To which the pupil's answer was to be "yes"; as it was to be to the question "Is it true that a Mixt ought to be preferred to a Peripatetic, a Ramist, a Lullian, and the others?"[11] A "Mixt" took elements from both Aristotle and Ramus; Philippo-Ramists, who blended Melanchthon with Ramus, were a type of "Mixt"; "Systematics" were "Mixts" who followed Keckermann in a belief in system, as Alsted did.[9]
Alsted has been called 'one of the most important encyclopedists of all time'.[12] He was a prolific writer, and his Encyclopaedia (1630) long had a high reputation.
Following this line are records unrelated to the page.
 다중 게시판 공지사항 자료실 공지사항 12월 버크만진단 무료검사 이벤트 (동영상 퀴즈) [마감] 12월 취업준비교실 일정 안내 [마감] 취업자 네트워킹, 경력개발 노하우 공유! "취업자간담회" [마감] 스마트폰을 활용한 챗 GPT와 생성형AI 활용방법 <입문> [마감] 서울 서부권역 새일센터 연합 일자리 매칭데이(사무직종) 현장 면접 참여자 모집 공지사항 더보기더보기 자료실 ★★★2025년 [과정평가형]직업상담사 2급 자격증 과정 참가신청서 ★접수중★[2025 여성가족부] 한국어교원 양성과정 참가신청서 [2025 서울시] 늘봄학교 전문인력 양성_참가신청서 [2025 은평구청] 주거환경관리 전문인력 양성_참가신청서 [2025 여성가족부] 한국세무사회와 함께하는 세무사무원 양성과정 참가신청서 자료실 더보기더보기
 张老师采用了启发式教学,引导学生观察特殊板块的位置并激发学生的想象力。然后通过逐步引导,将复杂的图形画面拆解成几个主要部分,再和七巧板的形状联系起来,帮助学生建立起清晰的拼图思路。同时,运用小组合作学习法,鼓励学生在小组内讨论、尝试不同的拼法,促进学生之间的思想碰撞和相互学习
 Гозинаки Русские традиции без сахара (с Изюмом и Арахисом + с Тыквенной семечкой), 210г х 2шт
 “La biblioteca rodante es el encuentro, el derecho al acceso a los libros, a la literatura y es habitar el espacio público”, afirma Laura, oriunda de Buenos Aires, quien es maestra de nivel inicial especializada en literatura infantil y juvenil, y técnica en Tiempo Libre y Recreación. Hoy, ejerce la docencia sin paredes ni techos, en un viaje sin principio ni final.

It was noticed that sedulitas, meaning "hard work" in Latin, was an anagram of Alstedius.[9] It was preceded by shorter works, including the 1608 Encyclopaedia cursus philosophiei. His major encyclopedia of 1630, the Encyclopaedia, Septem Tomis Distincta, was divided into 35 books, and had 48 synoptical tables as well as an index. In its time it was praised by Bernard Lamy, and criticised for plagiarism for verbatim copying without acknowledgment by Jacob Thomasius.[13] Augustus De Morgan later called it "the true parent of all the Encyclopædias, or collections of treatises, or works in which that character predominates".[14]
The Cambridge History of Renaissance Philosophy, p. 632, in the context of Calvinist metaphysics, states
"In the works of authors like Clemens Timpler of Heidelberg and Steinfurt, Bartolomaeus Keckermann of Heidelberg and Danzig, and Johann Heinrich Alsted of Herborn there appeared a new, unified vision of the encyclopaedia of the scientific disciplines in which ontology had the role of assigning to each of the particular sciences its proper domain."
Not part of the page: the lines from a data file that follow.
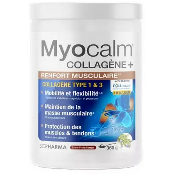 3C Pharma Myocalm Collagène + Renforcement Musculaire 360 g est un complément alimentaire qui agit sur le renfort musculaire. En savoir +
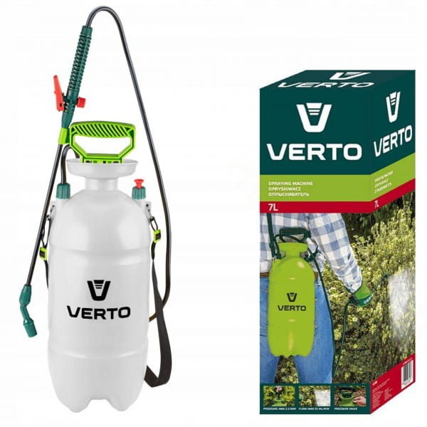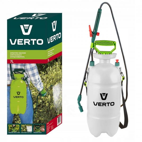 Opryskiwacz ciśnieniowy VERTO (nr ref. 15G506) o pojemności 7 litrów. Ciśnienie robocze 2.5 - 3 bary. Szeroka szyjka ułatwia napełnianie butli. Dodatkowy pasek umożliwiający zawieszenie zraszacza na ramieniu oraz blokada strumienia podnoszą komfort pracy. Zawór zapewnia bezpieczeństwo w trakcie użytkowania. Opryskiwacz można stosować w zakresie temperatur od 0 do + 45°C.
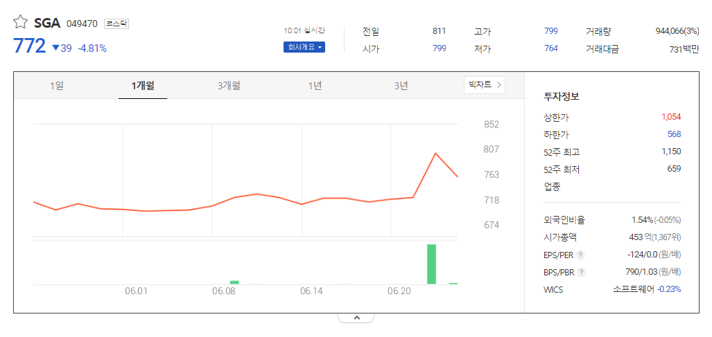 SGA 현재 주가는 811원이며 전일 대비 -2.76원의 모습을 보이고 있습니다. SGA의 주주현황을 살펴보면 에스지에이홀딩스(외 12인)이 지분 35.72%를 소유하고 있습니다. SGA는 일반 소프트웨어 기업으로 장중 기준으로 주가는 811원 입니다. 삼성전자의 시가 총액은 454억 원이며 발행 주식수는 1.54주 입니다. 외국인 보유 비중은 25,131,509% 이며 장중 거래량은 58,862,249를 기록했습니다. 매출액은 70억 원, 영업이익은 -22억 원을 달성했습니다.

In his The New England Mind, Perry Miller writes about the Encyclopaedia:
It was reissued as a 4-volume facsimile reprint, edited by W. Schmidt-Biggemann (Fromann-Holzboog Press, Stuttgart-Bad Cannstatt, 1989–1990).[16]
From his Transylvanian period dates Alsted's Prodromus (printed 1641, but dated 1635). The Prodromus was a Calvinist refutation of one of the most influential anti-Trinitarian works, De vera religione of Johannes Völkel. This work was a compendium of the arguments of Völkel's teacher Fausto Sozzini, figurehead of the Polish Unitarian movement.[17]